### Exercise
The lines below, from the one holding "Rockwell utilizando el" through the one holding "Blusa abierta confeccionada", are to be restated word for word, with all images left out.

### Extracted records
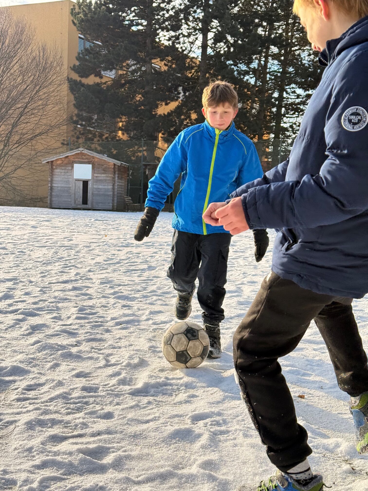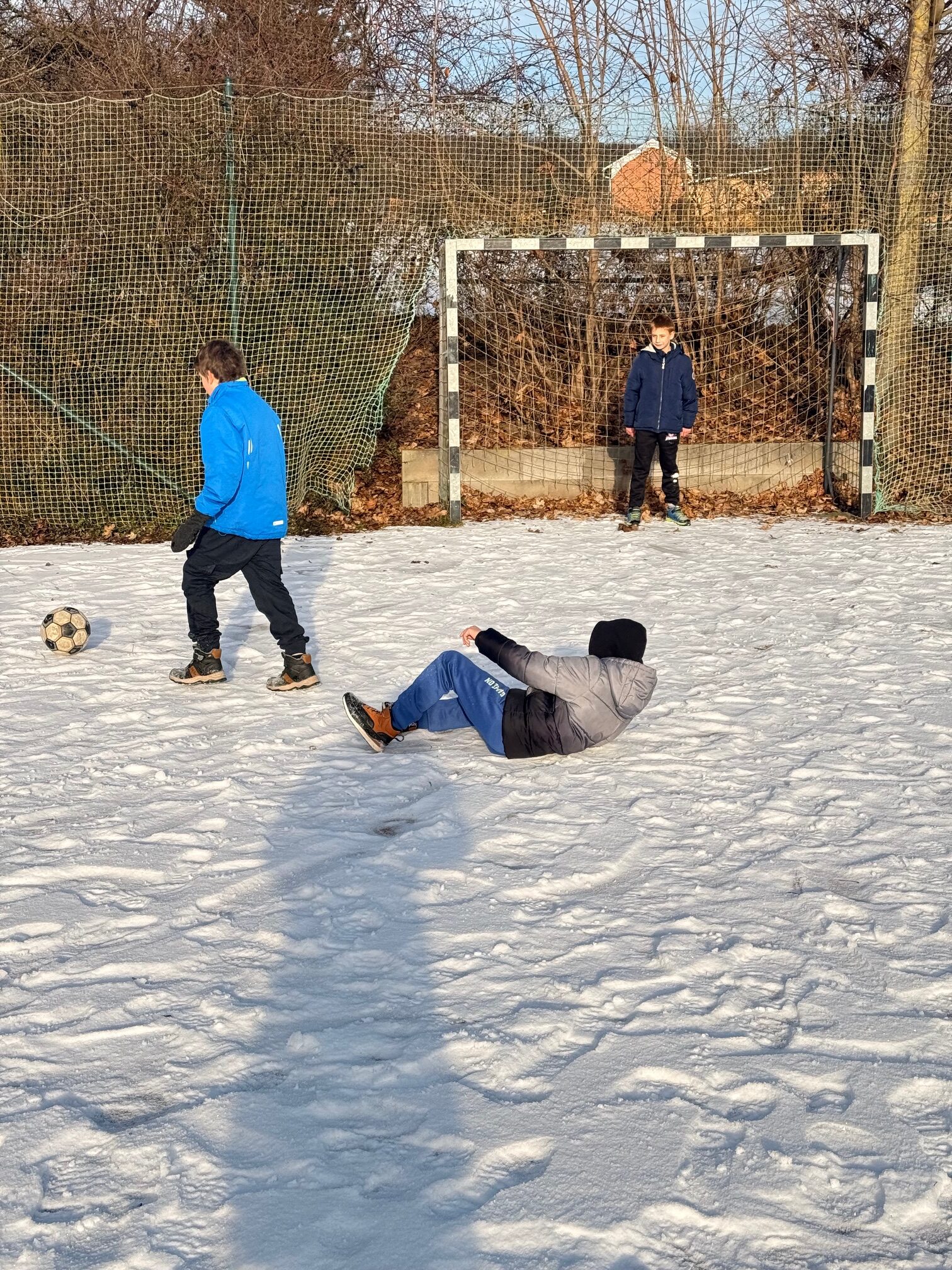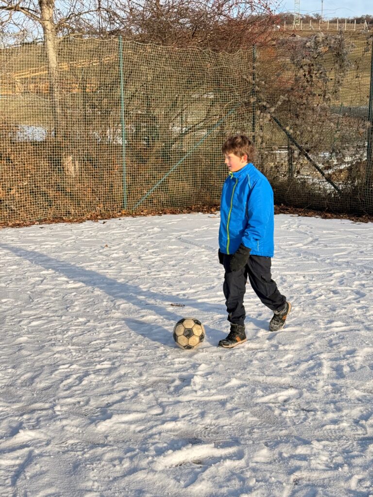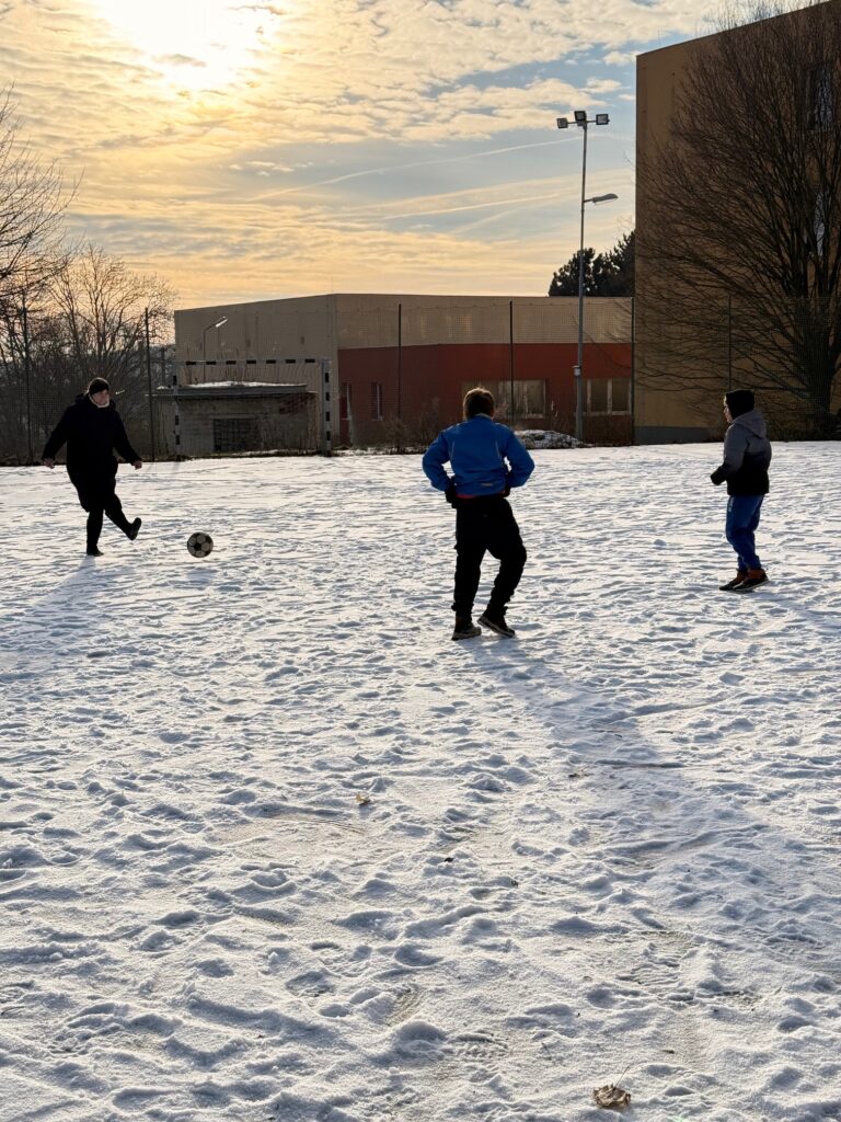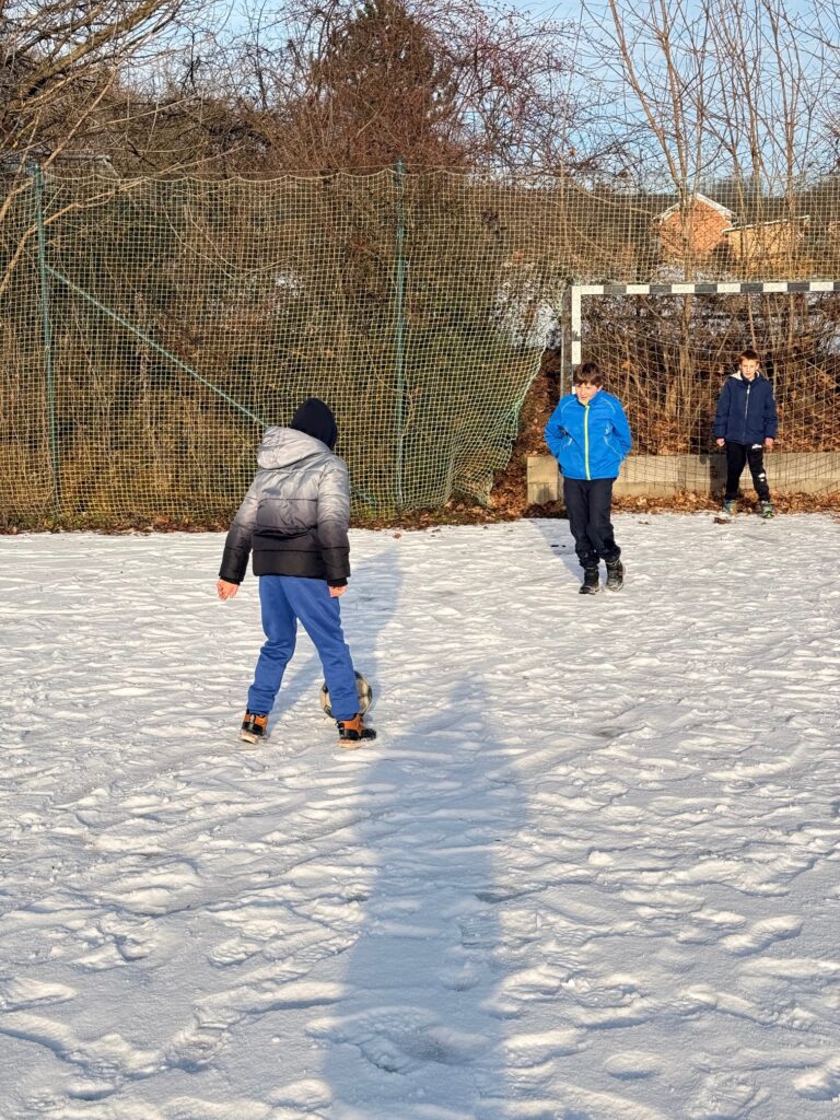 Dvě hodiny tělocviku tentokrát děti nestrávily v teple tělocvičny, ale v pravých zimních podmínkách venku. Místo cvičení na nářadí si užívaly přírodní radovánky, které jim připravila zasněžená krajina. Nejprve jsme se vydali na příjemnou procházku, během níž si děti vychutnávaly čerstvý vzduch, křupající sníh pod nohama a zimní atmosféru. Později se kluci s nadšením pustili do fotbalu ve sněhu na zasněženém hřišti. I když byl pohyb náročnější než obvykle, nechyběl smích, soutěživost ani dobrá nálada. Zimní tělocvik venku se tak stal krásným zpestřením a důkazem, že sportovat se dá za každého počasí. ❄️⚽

* * *

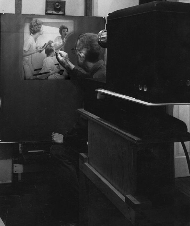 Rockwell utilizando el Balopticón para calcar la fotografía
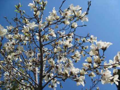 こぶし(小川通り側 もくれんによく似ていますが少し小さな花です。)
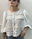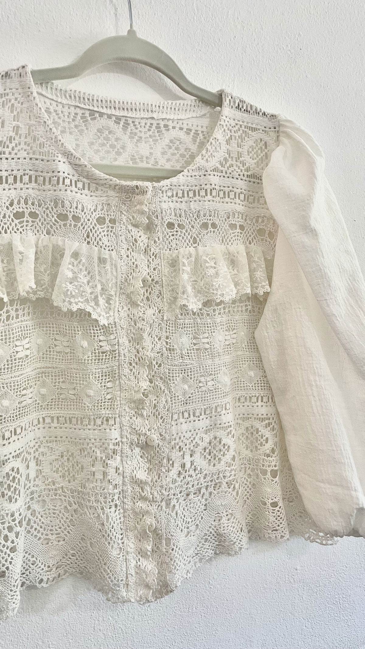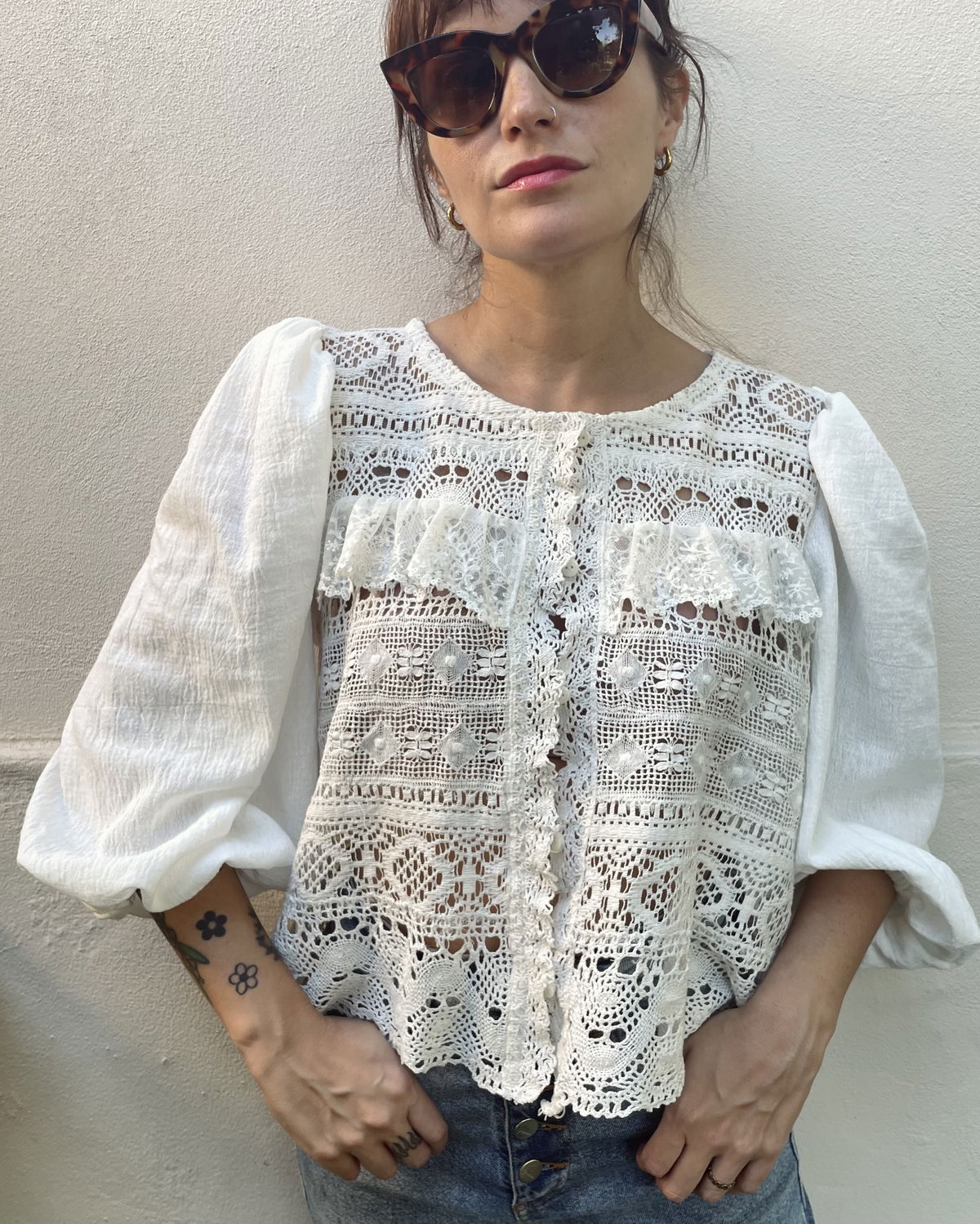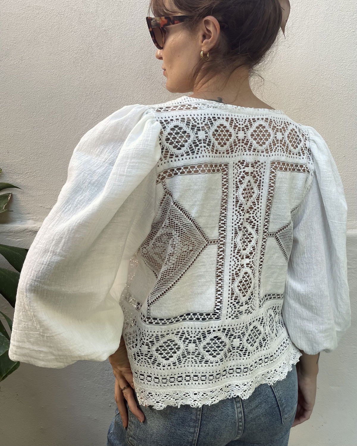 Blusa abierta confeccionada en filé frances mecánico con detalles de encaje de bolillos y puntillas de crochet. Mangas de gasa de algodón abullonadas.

### Answer below
 Rockwell utilizando el Balopticón para calcar la fotografía
 こぶし(小川通り側 もくれんによく似ていますが少し小さな花です。)
 Blusa abierta confeccionada en filé frances mecánico con detalles de encaje de bolillos y puntillas de crochet. Mangas de gasa de algodón abullonadas.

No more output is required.